In order to be in the Army Luther had to pass the various medical and psychological examinations, so his condition couldn’t possibly be pre-existing. He was kept in an isolation chamber for one month, where he was treated worse than a prisoner, until he agreed to sign a pre-existing PD discharge. The Army’s officials found a way to get away with misdiagnosing him and he was denied treatment for his disabilities. The Army’s Chapter 5-13 says that any soldier with pre-existing PD should be discharged from the army with no medical benefits. This excuse is used to avoid paying medical treatment to soldiers who get wounded in battle. This is how the Army makes money out of their war heroes. The Army is using a technicality to deny benefits to service men that desperately need and deserve them. This must stop.

In addition to being discharged with no benefits, soldiers have to pay the Army a slice of their re-enlistment bonus. The Army has left thousands of veterans struggling to pay back the bonus, with no medical treatment, and fighting against Post Traumatic Stress Disorder. In 2008 the Nation magazine reported that 22,000 soldiers had been discharged from the Army with PD. Dozens of those soldiers have been found to be wrongly diagnosed. This raises the question: how many more soldiers have been erroneously diagnosed for the Army’s convenience? Our country doesn’t realize how hard it is for veterans to go back to the lives they had, now that they have PTSD.

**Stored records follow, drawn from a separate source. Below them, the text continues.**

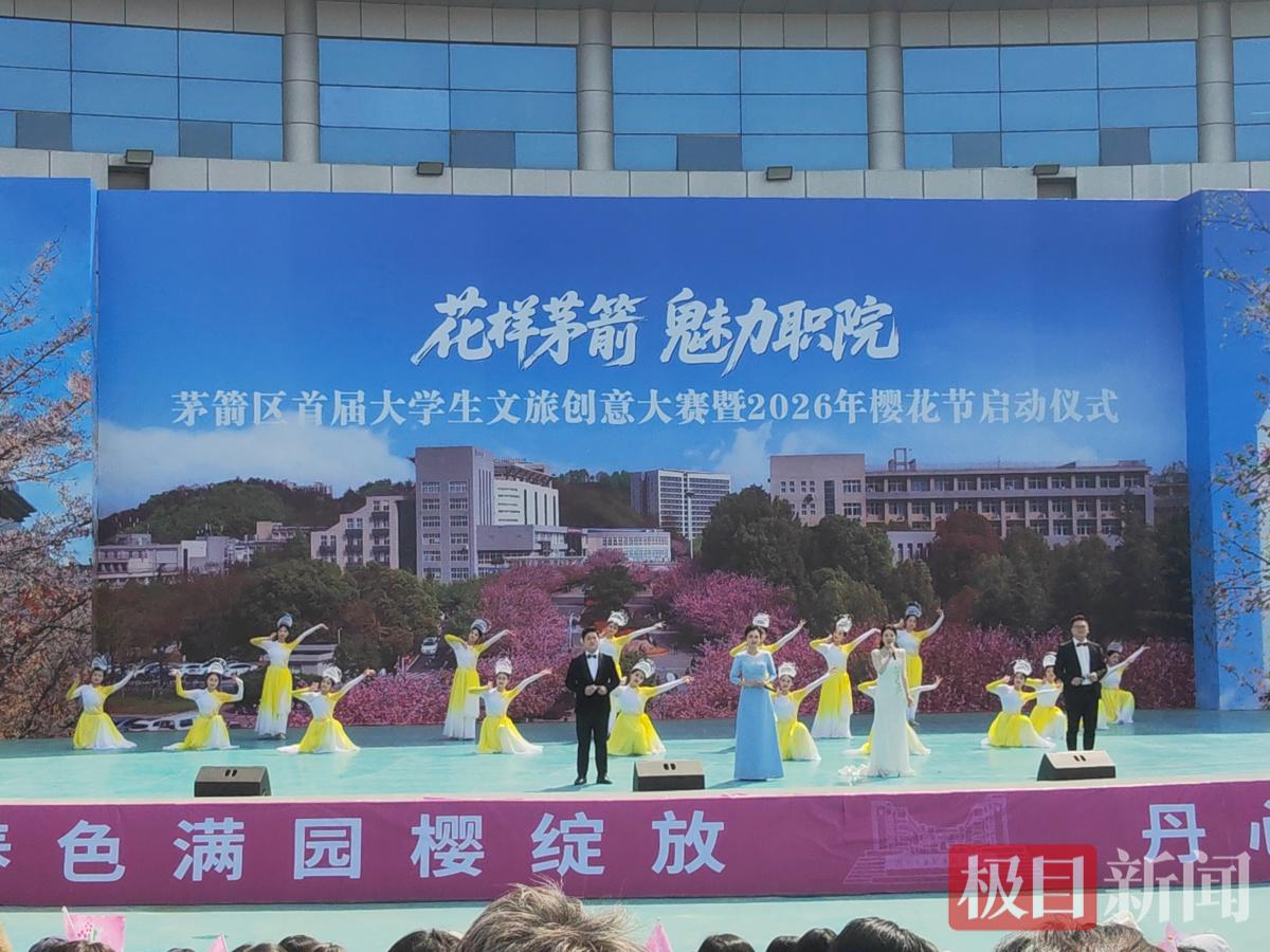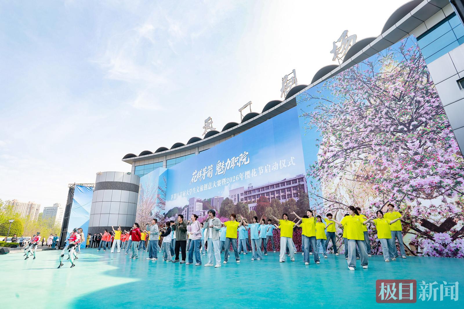 连日来,湖北工业职业技术学院的樱花开得正艳,该校樱花久负盛名,吸引了众多师生和市民前往观赏。4月2日,“花样茅箭 魅力职院”茅箭区首届大学生文旅创意大赛暨2026年樱花节在樱花掩映下的天一剧场火热开场。本次活动以樱花为媒、创意为桥,旨在搭建校地融合、文旅赋能的交流平台,吸引了多所院校师生、劳模代表及企业家共同参与。
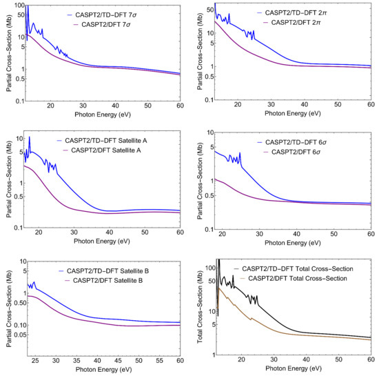 - Ponzi, A.; Quadri, N.; Angeli, C.; Decleva, P. Electron correlation effects in the photoionization of CO and isoelectronic diatomic molecules. Phys. Chem. Chem. Phys. 2019, 21, 1937–1951. [Google Scholar] [CrossRef]
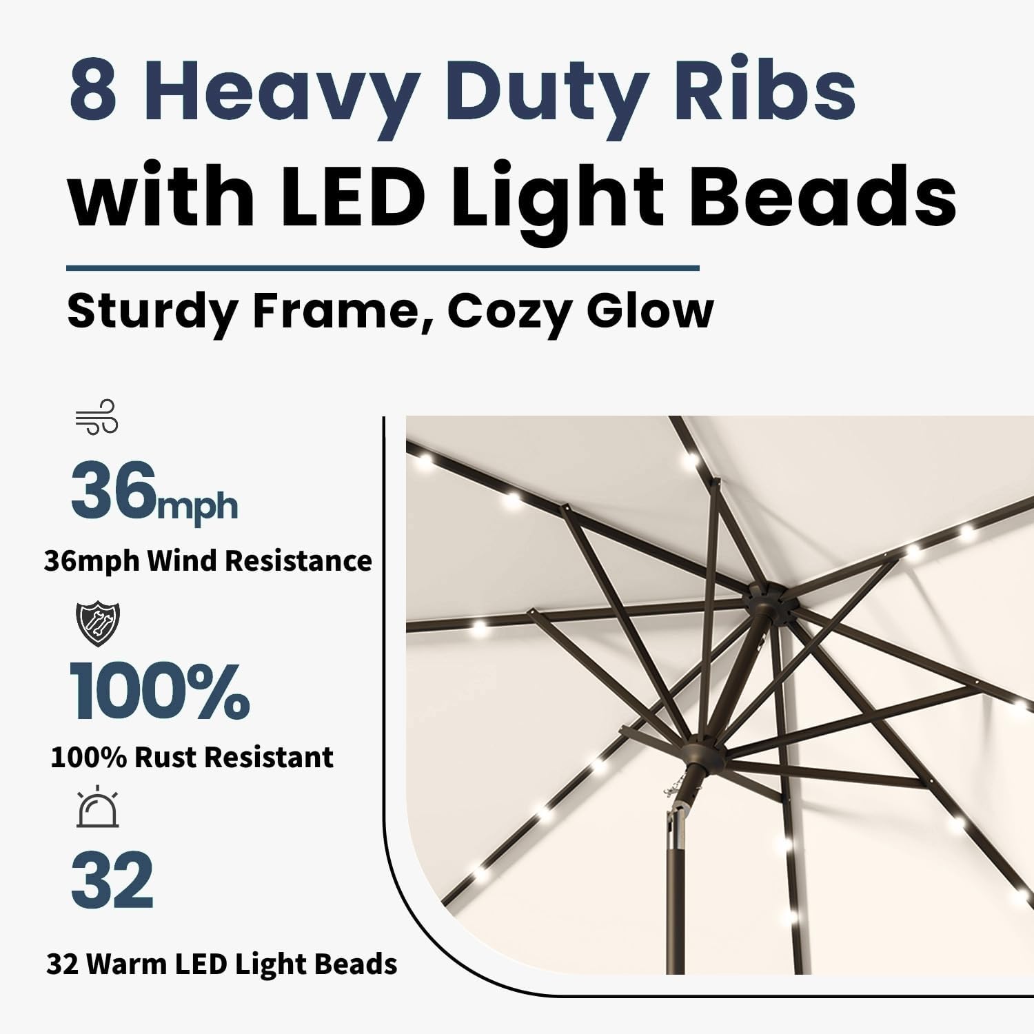 9FT Solar Umbrella 32 LED Lighted Patio Umbrella Table Market Umbrella w/Tilt and Crank, UV-Resistant Outdoor Umbrella for Pool, Garden, Deck, Creamy White

“I see the ugly,” Luther said in an interview with Truthout news website, “I see soldiers beating their wives and trying to kill themselves all the time, and most folks don’t want to look at this, including the military.” Soldiers diagnosed with Personality Disorder are ineligible to be treated by The Department of Veterans Affairs. Most of them have severe injuries and need immediate care, but they are not being treated because they did not receive a disability rating from the Army. The VA is aware of this problem and is doing its best to find veterans who are being misdiagnosed.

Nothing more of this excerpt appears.